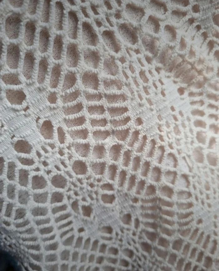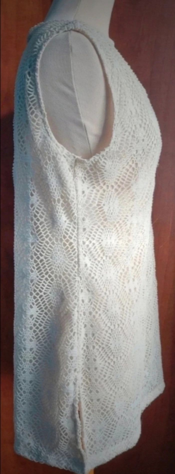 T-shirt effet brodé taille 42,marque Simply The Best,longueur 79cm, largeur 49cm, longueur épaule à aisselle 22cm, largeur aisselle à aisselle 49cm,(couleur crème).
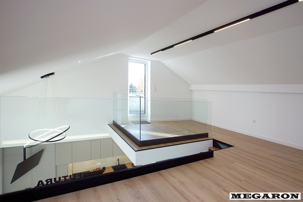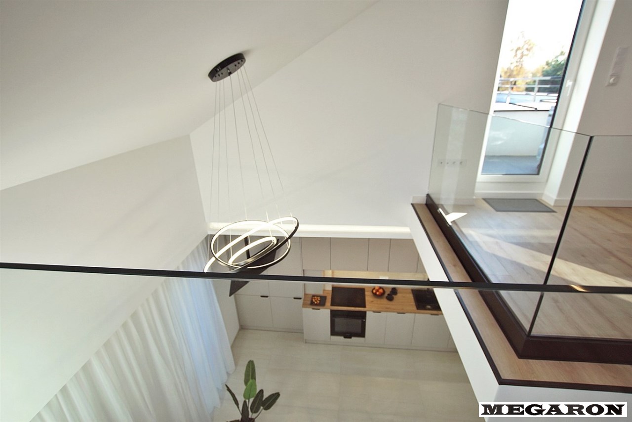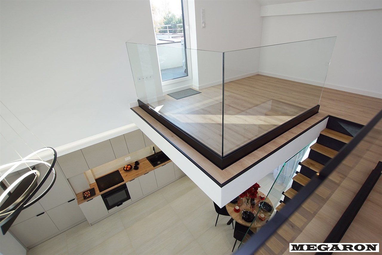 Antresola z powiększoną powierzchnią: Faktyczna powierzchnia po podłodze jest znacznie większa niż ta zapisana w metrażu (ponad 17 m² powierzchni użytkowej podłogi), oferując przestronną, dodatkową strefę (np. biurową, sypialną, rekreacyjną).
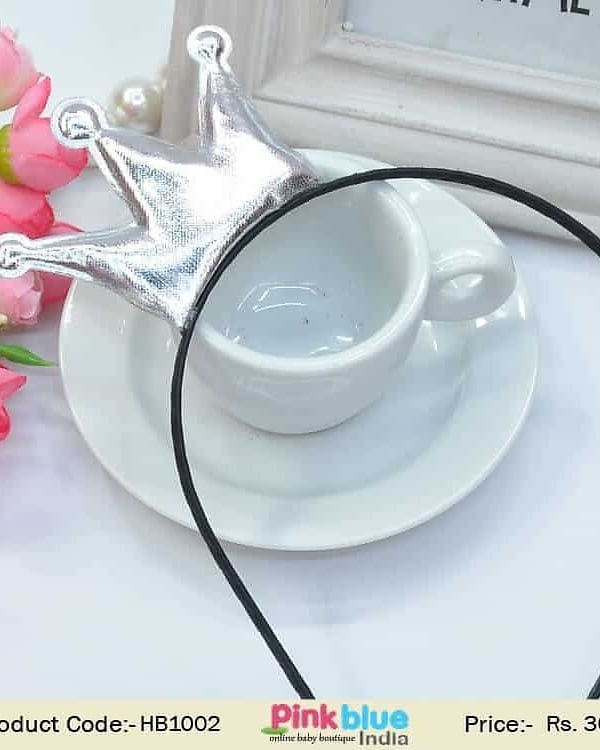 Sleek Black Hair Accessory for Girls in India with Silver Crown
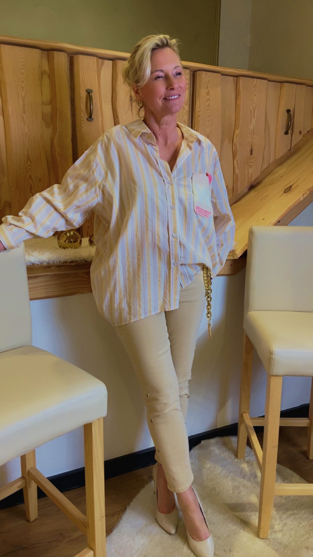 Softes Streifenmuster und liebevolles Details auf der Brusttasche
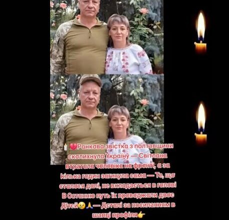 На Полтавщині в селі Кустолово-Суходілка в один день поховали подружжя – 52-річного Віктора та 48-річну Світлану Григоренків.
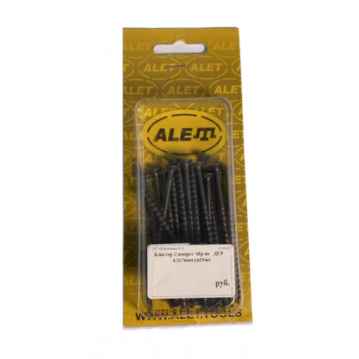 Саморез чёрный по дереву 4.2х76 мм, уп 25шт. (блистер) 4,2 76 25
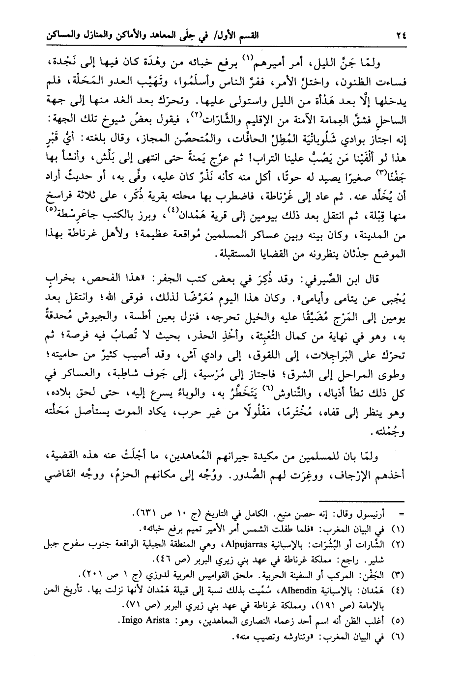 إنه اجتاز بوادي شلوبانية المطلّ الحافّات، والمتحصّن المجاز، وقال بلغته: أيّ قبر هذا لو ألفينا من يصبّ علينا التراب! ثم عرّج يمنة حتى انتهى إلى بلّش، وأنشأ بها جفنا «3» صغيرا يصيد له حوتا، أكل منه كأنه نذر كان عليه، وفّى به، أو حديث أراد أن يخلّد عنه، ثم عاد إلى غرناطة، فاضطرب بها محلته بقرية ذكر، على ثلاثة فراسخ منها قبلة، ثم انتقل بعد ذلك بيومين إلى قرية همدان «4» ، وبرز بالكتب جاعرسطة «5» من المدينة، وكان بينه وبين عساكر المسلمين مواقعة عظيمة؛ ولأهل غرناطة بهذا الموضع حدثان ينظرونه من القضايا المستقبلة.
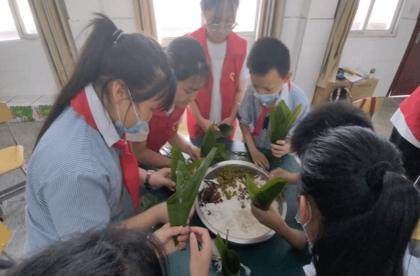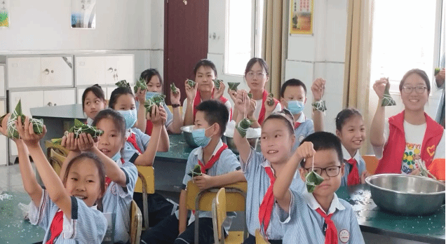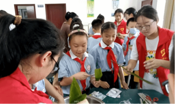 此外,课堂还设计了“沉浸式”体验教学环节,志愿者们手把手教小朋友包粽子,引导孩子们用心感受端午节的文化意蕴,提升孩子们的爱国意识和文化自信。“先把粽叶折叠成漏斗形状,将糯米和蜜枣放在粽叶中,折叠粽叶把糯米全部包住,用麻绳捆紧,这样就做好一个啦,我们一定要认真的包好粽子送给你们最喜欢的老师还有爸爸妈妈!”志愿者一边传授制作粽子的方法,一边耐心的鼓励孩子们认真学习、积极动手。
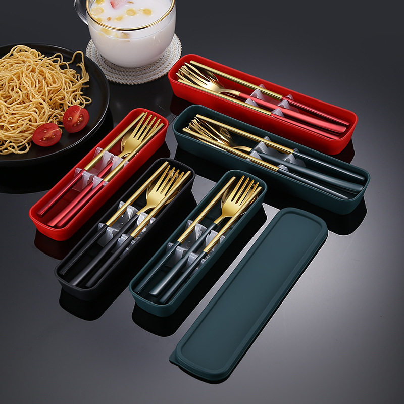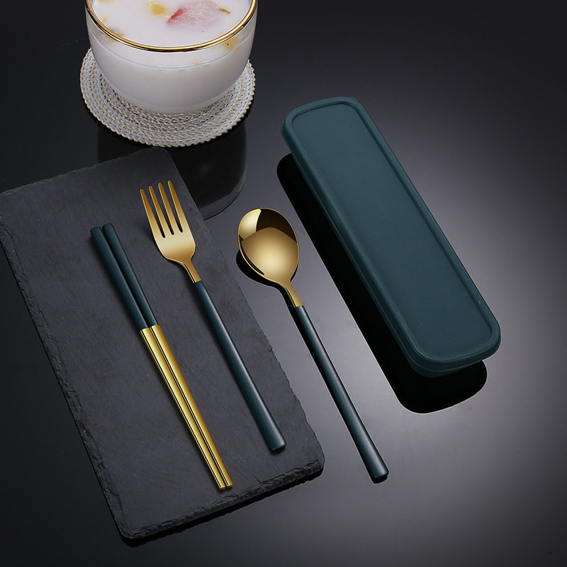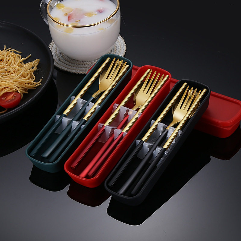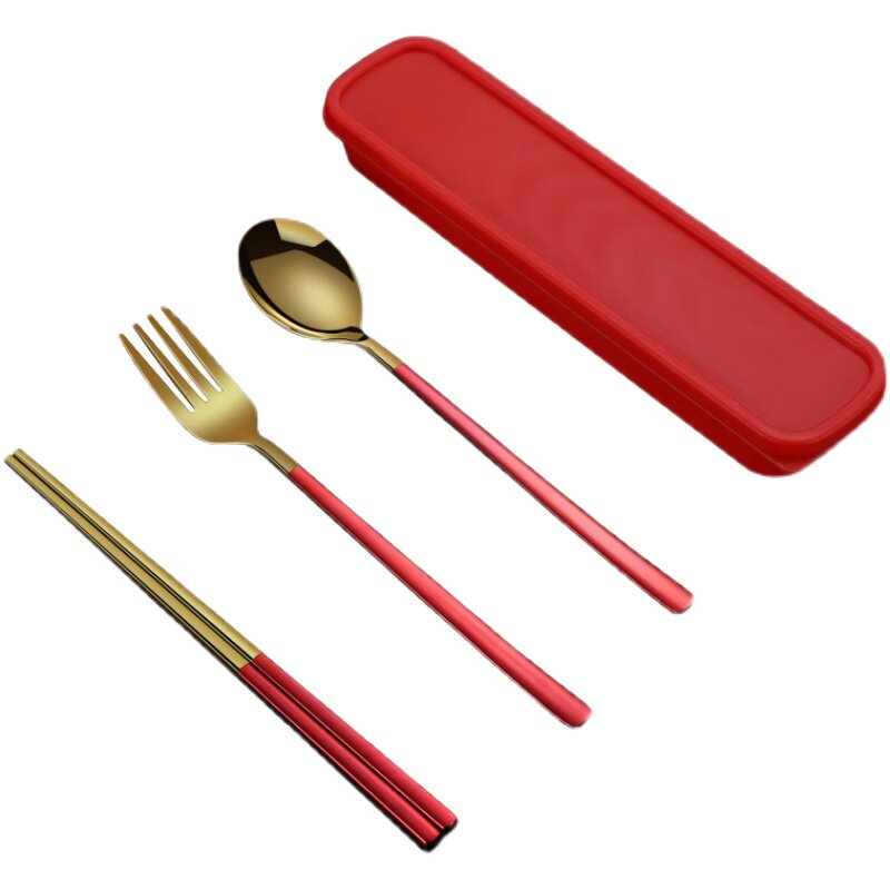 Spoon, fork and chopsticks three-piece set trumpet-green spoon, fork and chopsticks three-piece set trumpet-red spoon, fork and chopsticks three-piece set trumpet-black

▶ _PROBLEM STATEMENT_
Transcribe, from the material above, the stretch starting at the line with "На Полтавщині в" and ending at the line with "Саморез чёрный по", both included, exactly. Do not carry over pictures.

▶ _SOLUTION BELOW_
 На Полтавщині в селі Кустолово-Суходілка в один день поховали подружжя – 52-річного Віктора та 48-річну Світлану Григоренків.
 Саморез чёрный по дереву 4.2х76 мм, уп 25шт. (блистер) 4,2 76 25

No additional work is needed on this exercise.